### What is needed
Retype exactly what appears below from the line containing "[더팩트ㅣ인천국제공항=이덕인 기자] 정계" down to the line containing "ほどよい弾力とストレッチ性。", keeping both end lines. Do not include pictures.

### Record extracts
+ + + + +
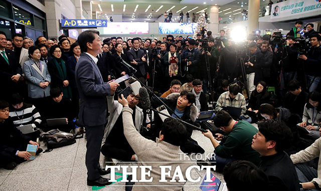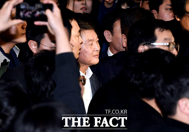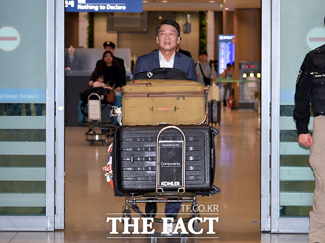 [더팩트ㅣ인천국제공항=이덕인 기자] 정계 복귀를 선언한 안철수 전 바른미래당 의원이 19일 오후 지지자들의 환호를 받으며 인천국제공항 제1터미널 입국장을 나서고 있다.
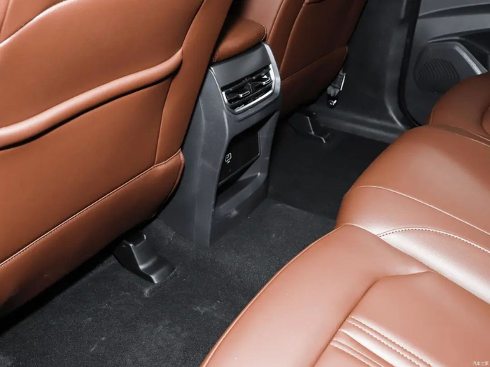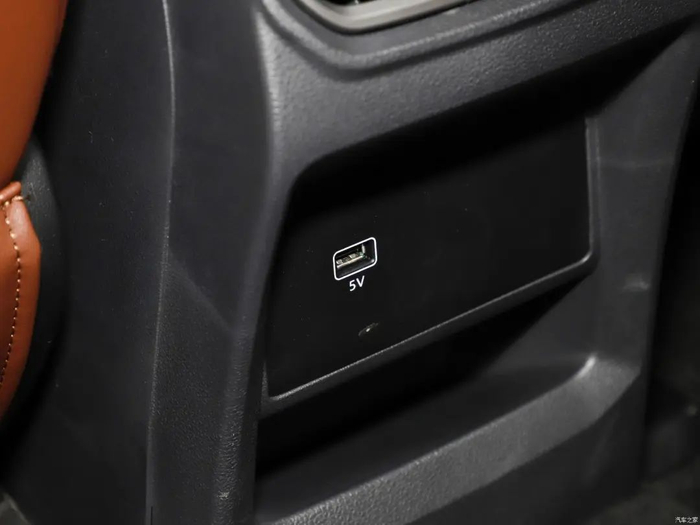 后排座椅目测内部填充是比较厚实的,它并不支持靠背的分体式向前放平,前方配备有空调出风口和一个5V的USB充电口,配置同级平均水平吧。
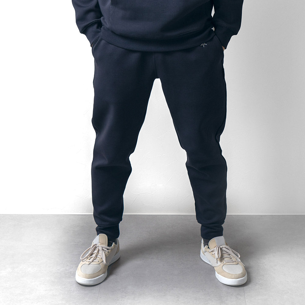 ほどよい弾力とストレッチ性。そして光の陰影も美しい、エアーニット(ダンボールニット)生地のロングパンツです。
+ + + + +
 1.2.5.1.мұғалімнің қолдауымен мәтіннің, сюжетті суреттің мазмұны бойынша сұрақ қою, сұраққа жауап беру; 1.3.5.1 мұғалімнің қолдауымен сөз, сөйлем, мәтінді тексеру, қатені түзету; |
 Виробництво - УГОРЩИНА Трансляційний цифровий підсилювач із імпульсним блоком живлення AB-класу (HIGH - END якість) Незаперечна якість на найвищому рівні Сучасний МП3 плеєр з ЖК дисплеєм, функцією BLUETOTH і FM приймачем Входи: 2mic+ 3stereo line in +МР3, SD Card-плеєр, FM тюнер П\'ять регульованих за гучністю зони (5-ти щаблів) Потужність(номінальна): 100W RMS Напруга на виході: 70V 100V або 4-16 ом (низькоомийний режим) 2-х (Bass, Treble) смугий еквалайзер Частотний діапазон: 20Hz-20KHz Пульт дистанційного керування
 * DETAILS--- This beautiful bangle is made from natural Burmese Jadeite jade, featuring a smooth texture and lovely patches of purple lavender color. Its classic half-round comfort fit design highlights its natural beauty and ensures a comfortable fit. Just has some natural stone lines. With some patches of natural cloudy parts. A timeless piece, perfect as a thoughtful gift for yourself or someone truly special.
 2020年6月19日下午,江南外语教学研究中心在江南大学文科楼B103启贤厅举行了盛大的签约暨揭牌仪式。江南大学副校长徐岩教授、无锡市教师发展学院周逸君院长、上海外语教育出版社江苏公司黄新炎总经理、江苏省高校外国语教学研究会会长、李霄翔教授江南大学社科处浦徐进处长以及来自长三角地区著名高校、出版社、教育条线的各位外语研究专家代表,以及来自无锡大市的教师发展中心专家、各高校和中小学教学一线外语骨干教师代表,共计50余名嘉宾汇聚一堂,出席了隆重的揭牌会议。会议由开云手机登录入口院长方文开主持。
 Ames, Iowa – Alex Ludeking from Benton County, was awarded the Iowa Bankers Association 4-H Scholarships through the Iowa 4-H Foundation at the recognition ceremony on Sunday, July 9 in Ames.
+ + + + +
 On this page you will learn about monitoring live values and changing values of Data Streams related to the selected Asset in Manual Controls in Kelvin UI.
+ + + + +
### Solved exercise
 [더팩트ㅣ인천국제공항=이덕인 기자] 정계 복귀를 선언한 안철수 전 바른미래당 의원이 19일 오후 지지자들의 환호를 받으며 인천국제공항 제1터미널 입국장을 나서고 있다.
 后排座椅目测内部填充是比较厚实的,它并不支持靠背的分体式向前放平,前方配备有空调出风口和一个5V的USB充电口,配置同级平均水平吧。
 ほどよい弾力とストレッチ性。そして光の陰影も美しい、エアーニット(ダンボールニット)生地のロングパンツです。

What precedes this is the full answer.